* ACTIVITY *
Filter the data for lines with the word "square", then copy every line so identified.

(Data excerpts)
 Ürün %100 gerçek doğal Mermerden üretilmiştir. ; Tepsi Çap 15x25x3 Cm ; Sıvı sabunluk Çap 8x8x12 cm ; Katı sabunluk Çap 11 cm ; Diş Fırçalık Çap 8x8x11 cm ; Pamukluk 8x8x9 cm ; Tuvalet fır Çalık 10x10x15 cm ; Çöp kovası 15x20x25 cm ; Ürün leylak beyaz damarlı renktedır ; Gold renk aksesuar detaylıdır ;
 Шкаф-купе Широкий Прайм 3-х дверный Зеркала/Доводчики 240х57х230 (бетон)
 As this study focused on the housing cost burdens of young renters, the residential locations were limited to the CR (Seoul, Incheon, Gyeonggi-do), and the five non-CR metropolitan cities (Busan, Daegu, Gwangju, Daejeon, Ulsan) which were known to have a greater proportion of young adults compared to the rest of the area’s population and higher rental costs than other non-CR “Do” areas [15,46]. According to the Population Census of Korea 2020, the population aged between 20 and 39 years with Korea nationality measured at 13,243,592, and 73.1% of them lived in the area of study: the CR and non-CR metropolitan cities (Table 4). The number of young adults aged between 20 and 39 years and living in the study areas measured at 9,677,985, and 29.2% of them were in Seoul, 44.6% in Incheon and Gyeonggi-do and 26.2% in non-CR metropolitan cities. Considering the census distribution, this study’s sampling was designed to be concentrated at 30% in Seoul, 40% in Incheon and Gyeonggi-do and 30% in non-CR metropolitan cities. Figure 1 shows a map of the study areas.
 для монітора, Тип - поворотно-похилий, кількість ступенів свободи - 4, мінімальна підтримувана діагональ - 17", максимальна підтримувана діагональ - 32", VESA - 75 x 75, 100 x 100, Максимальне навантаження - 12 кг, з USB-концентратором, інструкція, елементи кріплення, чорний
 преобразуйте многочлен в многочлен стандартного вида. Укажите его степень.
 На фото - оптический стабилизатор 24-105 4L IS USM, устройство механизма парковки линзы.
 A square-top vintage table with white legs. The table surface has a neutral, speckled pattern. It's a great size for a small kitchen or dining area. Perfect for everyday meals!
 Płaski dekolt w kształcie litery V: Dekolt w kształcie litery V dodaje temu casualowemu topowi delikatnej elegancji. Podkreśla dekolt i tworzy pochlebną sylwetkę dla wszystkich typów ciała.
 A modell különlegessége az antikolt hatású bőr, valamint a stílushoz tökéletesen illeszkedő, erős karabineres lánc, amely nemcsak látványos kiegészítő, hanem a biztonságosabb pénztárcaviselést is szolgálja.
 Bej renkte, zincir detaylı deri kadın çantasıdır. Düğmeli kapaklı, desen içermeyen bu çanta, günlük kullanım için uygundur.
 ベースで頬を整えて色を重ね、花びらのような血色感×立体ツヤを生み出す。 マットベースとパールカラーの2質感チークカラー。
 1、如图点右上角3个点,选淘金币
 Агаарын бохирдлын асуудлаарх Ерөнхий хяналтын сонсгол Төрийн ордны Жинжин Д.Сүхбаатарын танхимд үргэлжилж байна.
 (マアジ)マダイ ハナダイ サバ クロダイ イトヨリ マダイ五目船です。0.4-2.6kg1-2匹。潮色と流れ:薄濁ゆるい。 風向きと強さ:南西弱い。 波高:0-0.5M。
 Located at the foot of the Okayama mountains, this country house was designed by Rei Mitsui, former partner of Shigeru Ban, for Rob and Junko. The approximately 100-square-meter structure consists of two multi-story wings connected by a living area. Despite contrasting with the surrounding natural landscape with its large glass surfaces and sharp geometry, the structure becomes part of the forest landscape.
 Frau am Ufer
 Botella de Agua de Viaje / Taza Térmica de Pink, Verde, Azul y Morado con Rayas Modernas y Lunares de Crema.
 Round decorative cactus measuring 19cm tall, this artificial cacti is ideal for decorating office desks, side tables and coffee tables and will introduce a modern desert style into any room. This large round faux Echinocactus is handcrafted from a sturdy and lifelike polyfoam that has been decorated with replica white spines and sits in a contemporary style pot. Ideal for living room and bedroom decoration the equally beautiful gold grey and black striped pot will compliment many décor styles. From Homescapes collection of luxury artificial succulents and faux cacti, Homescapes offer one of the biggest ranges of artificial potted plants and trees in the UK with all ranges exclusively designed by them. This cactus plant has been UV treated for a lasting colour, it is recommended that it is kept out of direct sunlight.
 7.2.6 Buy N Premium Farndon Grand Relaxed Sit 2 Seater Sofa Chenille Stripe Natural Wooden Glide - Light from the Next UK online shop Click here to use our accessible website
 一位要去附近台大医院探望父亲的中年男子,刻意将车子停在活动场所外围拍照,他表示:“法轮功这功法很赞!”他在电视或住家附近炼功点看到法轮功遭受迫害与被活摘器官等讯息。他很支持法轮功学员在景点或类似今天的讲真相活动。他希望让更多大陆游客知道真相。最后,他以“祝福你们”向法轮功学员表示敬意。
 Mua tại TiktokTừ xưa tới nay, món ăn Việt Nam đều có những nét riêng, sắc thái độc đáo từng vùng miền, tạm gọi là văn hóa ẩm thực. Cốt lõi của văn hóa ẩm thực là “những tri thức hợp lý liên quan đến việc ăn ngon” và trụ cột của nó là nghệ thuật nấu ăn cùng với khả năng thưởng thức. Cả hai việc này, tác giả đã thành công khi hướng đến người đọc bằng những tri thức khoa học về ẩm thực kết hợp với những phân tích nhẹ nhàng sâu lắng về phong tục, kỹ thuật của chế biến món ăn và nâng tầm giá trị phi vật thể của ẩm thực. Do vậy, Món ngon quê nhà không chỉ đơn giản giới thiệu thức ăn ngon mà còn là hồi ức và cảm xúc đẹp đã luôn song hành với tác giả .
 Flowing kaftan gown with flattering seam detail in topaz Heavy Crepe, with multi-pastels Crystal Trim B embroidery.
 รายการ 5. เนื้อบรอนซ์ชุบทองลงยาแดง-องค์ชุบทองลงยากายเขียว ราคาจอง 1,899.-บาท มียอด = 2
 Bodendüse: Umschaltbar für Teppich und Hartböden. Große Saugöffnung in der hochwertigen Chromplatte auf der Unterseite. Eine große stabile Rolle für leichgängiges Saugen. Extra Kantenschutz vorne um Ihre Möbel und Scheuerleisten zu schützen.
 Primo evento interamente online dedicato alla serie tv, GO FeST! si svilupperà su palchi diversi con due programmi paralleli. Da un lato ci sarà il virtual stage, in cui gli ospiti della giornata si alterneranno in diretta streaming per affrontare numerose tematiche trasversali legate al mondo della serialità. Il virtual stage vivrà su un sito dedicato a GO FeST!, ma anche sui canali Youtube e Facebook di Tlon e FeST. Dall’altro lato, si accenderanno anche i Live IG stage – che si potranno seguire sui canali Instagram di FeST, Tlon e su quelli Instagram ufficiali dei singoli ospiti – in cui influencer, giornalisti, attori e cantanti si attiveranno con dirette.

* RESULT BELOW *
 A square-top vintage table with white legs. The table surface has a neutral, speckled pattern. It's a great size for a small kitchen or dining area. Perfect for everyday meals!
 Located at the foot of the Okayama mountains, this country house was designed by Rei Mitsui, former partner of Shigeru Ban, for Rob and Junko. The approximately 100-square-meter structure consists of two multi-story wings connected by a living area. Despite contrasting with the surrounding natural landscape with its large glass surfaces and sharp geometry, the structure becomes part of the forest landscape.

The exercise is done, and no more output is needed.